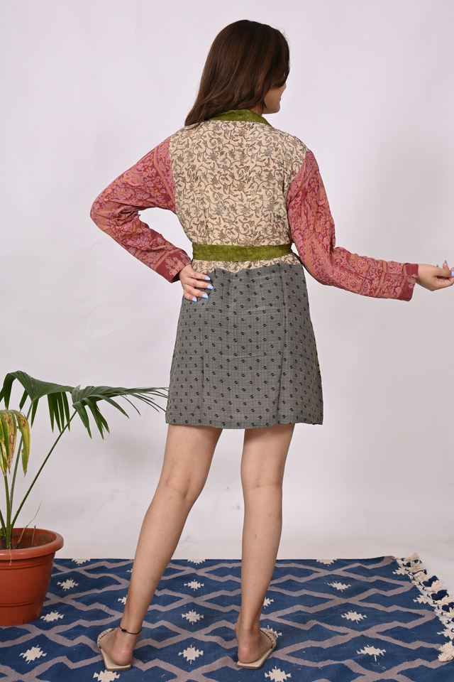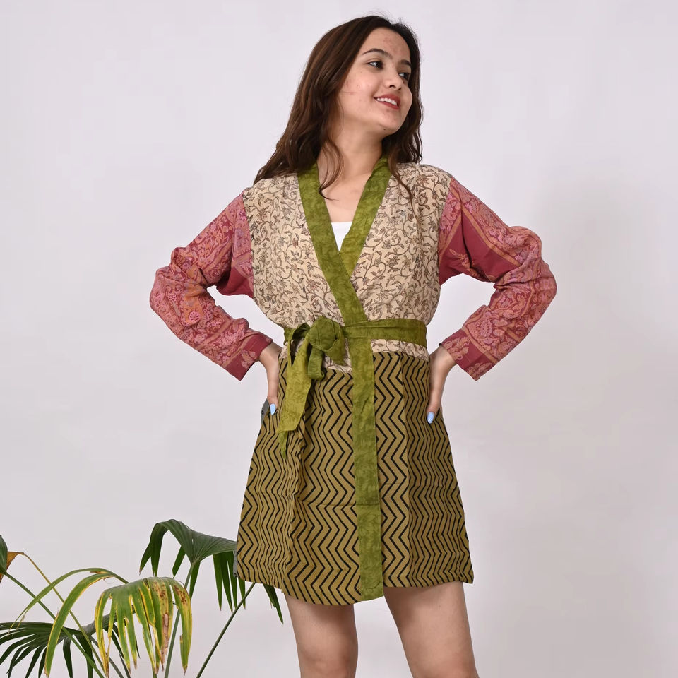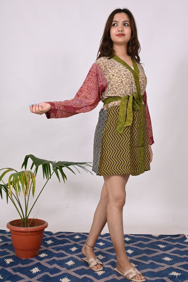 Modern Printed Silk Mini Dress for Plus Size Women Handmade V-Neck Style Long Sleeve Natural Waistline Woven Mini Silk Dress
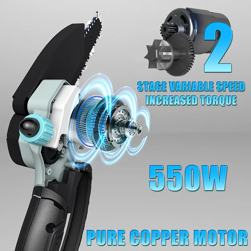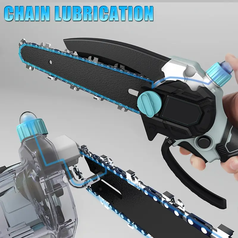 เลื่อยขนาดเล็กไร้สายขนาด6นิ้ว, เครื่องตัดกิ่งไฟฟ้าแบบมือถือน้ำหนักเบาพร้อมล็อคความปลอดภัยโซ่หล่อลื่น
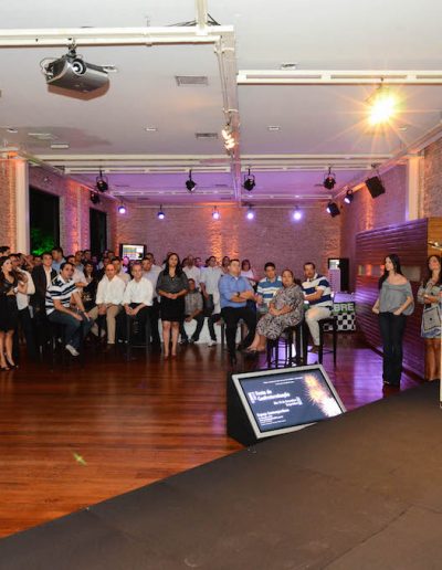 Criamos todo o conceito da festa, definimos o local (o Espaço Contemporâneo), fizemos a cenografia, cuidamos da contratação dos serviços de catering, da decoração floral, do mobiliário e infraestrutura de receptivo para os funcionários da CBRE.
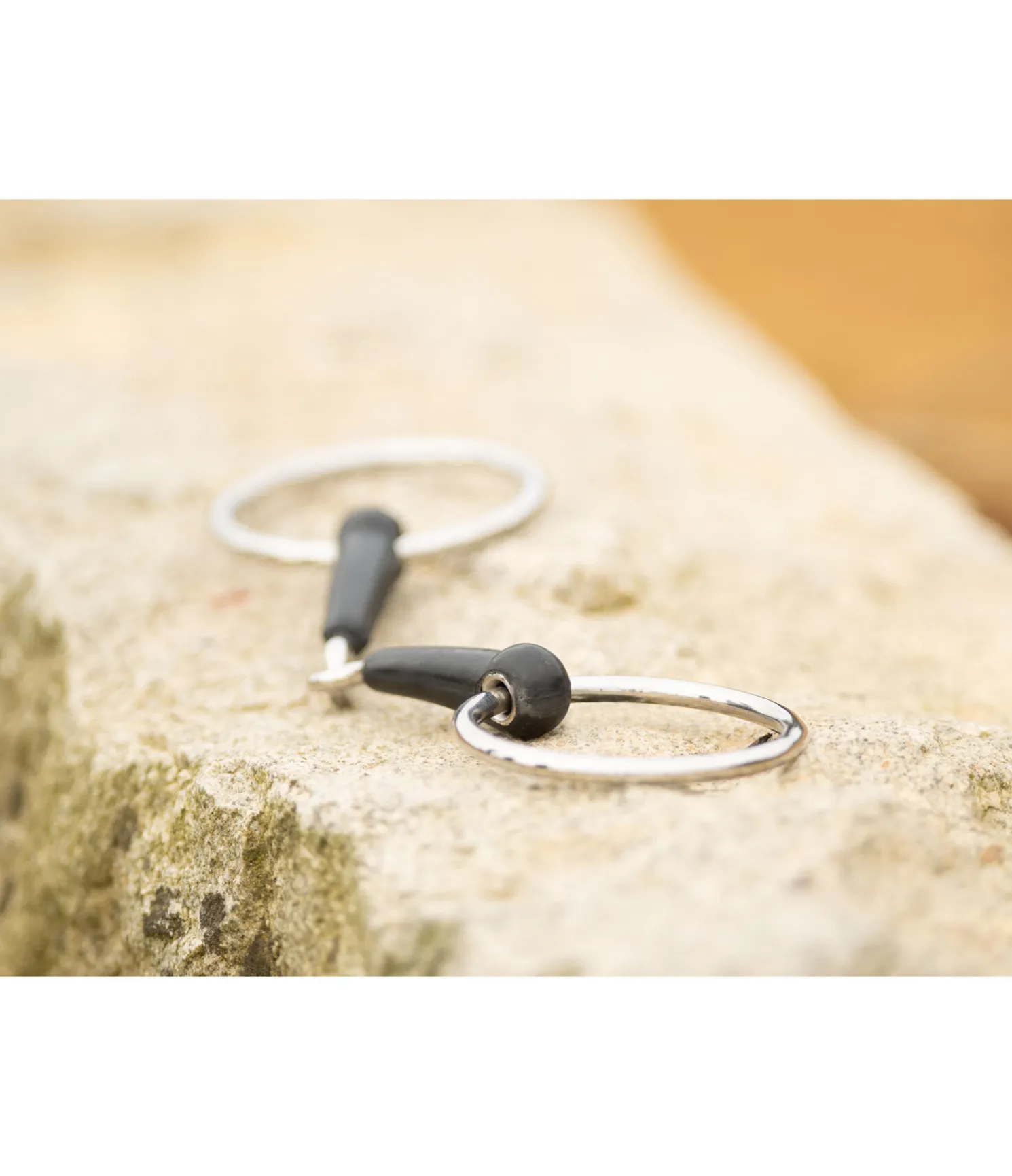 Mors simple brisure en caoutchouc moelleux et résistant avec âme en acier. Épaisseur des canons : 14 mm. Diamètre des anneaux : 70 mm. Durée de vie : les mors en résine ou en caoutchouc ont une durée de vie très variable, qui dépend principalement de l’état de la dentition du cheval (crochets, etc.) et de l’ajustement du mors.
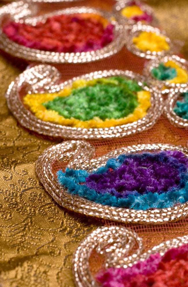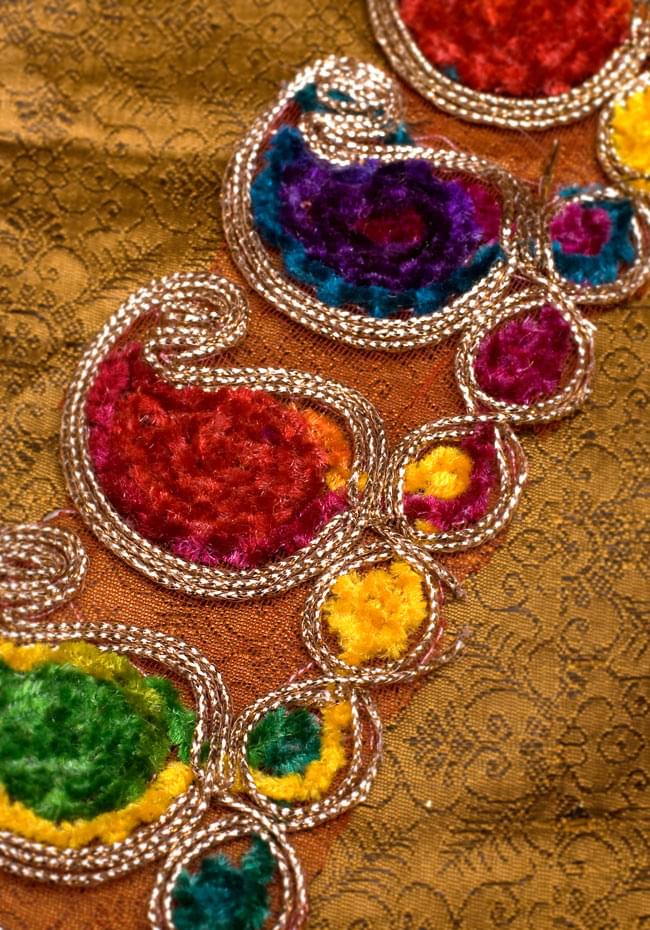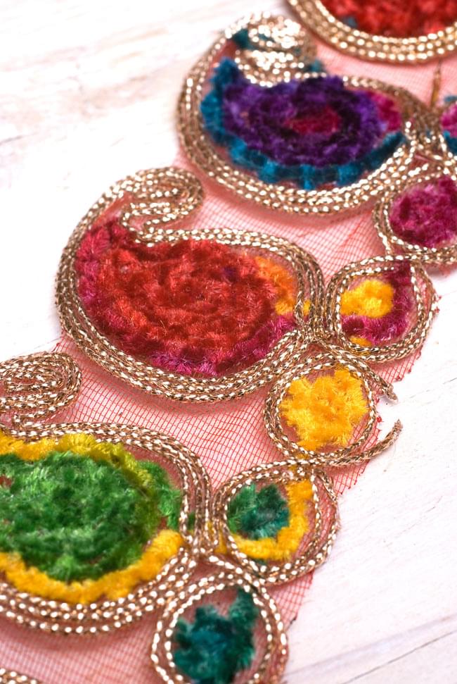 インド人はサリーのすそがボロボロにならないよう、サリーがより綺麗に見えるようにサリーの下の部分、地面に当たる部分に縫い付けて使います。「チロリアン」とはもともとヨーロッパの地方名に由来しているのですが、インドではサリーを飾るために特に独自の発展を遂げてきました。■縫い付けても、ギフトにも
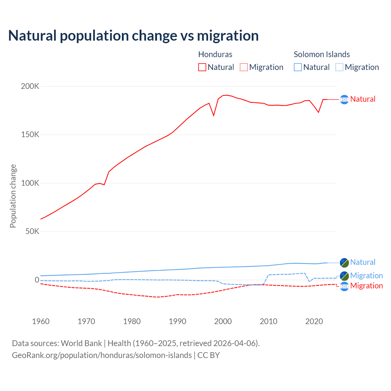 Over the last 10 years, 96.7% of the population change in Honduras is from natural causes (a gain of 1,821,125 people) and 3.29% is from migration (a loss of 61,965 people). In the Solomon Islands 82.8% is from natural causes (a gain of 168,727 people) and 17.2% is from migration (a gain of 35,031 people).
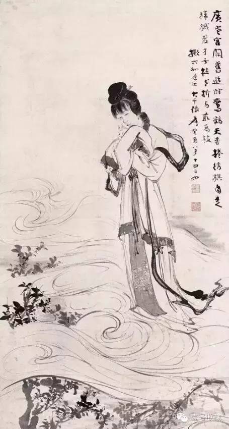 张大千1933年创作《嫦娥奔月》,月桂树下的嫦娥怀抱玉兔,画中人物造型温婉娴静,面部丰盈,举止安祥。人物的面相细目小口,体态婀娜,发髻的钩皴率意虚和,颇有质感,衣纹的行笔十分自由流畅。有张大千早期仕女人物画的风采。
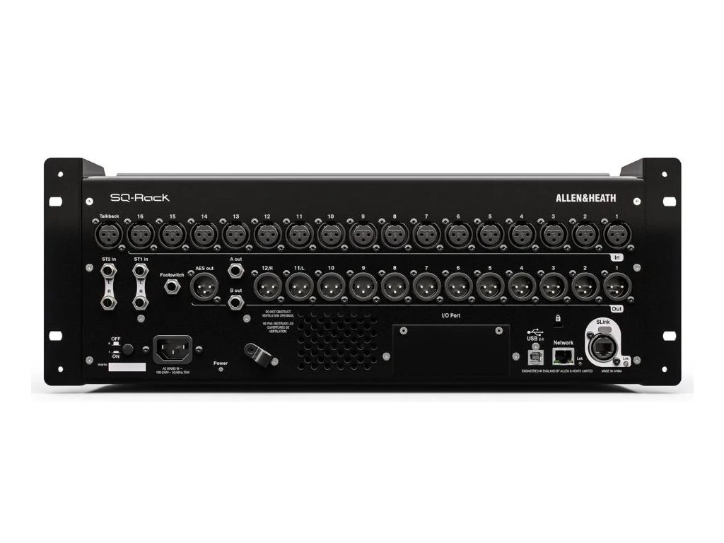 Sercem SQ-Racka jest rdzeń XCVI z częstotliwością próbkowania 96 kHz, który jest identyczny z innymi modelami z serii SQ i oferuje wszystkie te same funkcje i elastyczność, w tym ultra niską latencję (<0,7 ms), inteligentny port SLink do użytku z ekspanderami serii Allen & Heath ‘Everything I/O’, port I/O do integracji Dante/Waves/MADI, 48 kanałów wejściowych, 36 szyn wyjściowych, przetwarzanie kanałów DEEP i 8 modułów FX RackExtra.

□ □ □ □ □ □ □

--- Problem requirements ---
From the entries above, copy exactly the lines starting at the one with "Mors simple brisure" and stopping at the one with "Over the last", keeping both ends. Drop the pictures.

--- Response to this exercise ---
 Mors simple brisure en caoutchouc moelleux et résistant avec âme en acier. Épaisseur des canons : 14 mm. Diamètre des anneaux : 70 mm. Durée de vie : les mors en résine ou en caoutchouc ont une durée de vie très variable, qui dépend principalement de l’état de la dentition du cheval (crochets, etc.) et de l’ajustement du mors.
 インド人はサリーのすそがボロボロにならないよう、サリーがより綺麗に見えるようにサリーの下の部分、地面に当たる部分に縫い付けて使います。「チロリアン」とはもともとヨーロッパの地方名に由来しているのですが、インドではサリーを飾るために特に独自の発展を遂げてきました。■縫い付けても、ギフトにも
 Over the last 10 years, 96.7% of the population change in Honduras is from natural causes (a gain of 1,821,125 people) and 3.29% is from migration (a loss of 61,965 people). In the Solomon Islands 82.8% is from natural causes (a gain of 168,727 people) and 17.2% is from migration (a gain of 35,031 people).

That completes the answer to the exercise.